*** Opening Dataset excerpts ***

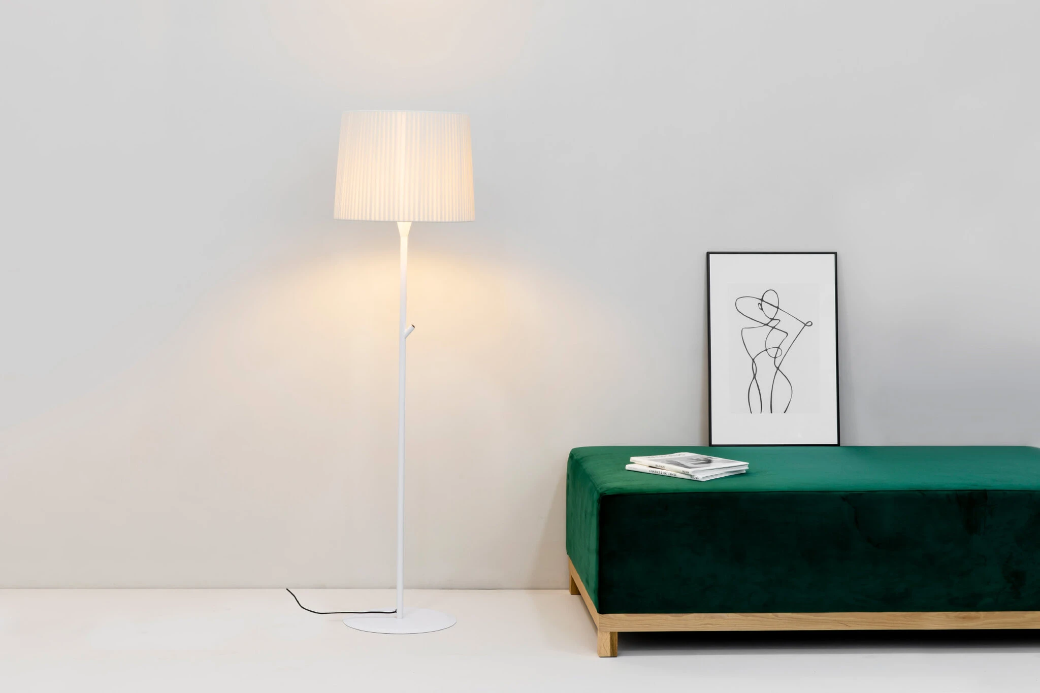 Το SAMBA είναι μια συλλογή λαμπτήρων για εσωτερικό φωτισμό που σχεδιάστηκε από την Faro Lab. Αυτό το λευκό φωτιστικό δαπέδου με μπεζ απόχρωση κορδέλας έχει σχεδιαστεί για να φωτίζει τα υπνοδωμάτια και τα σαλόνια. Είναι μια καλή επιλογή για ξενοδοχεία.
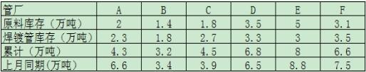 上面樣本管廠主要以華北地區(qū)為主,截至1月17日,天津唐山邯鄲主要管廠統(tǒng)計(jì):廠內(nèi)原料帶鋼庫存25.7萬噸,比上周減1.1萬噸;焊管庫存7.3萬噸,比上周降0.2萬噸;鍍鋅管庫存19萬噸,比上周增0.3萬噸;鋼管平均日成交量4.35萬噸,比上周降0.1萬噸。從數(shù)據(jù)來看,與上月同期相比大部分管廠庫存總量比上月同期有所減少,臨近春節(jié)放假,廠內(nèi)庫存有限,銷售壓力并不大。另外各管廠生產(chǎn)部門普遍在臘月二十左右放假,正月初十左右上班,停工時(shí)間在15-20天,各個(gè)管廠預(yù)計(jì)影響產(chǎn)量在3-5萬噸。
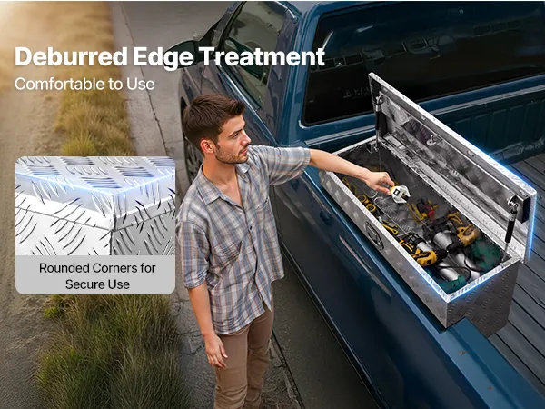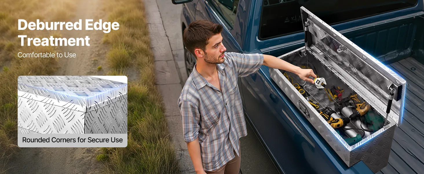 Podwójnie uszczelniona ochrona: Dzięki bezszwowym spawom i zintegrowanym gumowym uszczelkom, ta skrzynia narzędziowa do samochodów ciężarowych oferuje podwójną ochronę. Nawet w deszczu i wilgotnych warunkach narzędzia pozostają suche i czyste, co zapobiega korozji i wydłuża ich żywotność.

*** Closing Dataset excerpts ***
*** Opening Dataset excerpts ***

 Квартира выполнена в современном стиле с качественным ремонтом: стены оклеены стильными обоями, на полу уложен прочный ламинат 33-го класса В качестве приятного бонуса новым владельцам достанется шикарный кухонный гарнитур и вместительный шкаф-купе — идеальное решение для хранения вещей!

*** Closing Dataset excerpts ***
*** Opening Dataset excerpts ***

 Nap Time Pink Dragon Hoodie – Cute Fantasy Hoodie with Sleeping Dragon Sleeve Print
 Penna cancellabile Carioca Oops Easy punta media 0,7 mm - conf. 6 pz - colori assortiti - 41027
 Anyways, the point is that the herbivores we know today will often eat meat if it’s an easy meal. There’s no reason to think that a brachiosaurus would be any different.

*** Closing Dataset excerpts ***

> The problem: Exact duplication is required for the lines above, from the line that contains "Nap Time Pink" to the line that contains "Anyways, the point", inclusive; omit all others.

> Your solution:
 Nap Time Pink Dragon Hoodie – Cute Fantasy Hoodie with Sleeping Dragon Sleeve Print
 Penna cancellabile Carioca Oops Easy punta media 0,7 mm - conf. 6 pz - colori assortiti - 41027
 Anyways, the point is that the herbivores we know today will often eat meat if it’s an easy meal. There’s no reason to think that a brachiosaurus would be any different.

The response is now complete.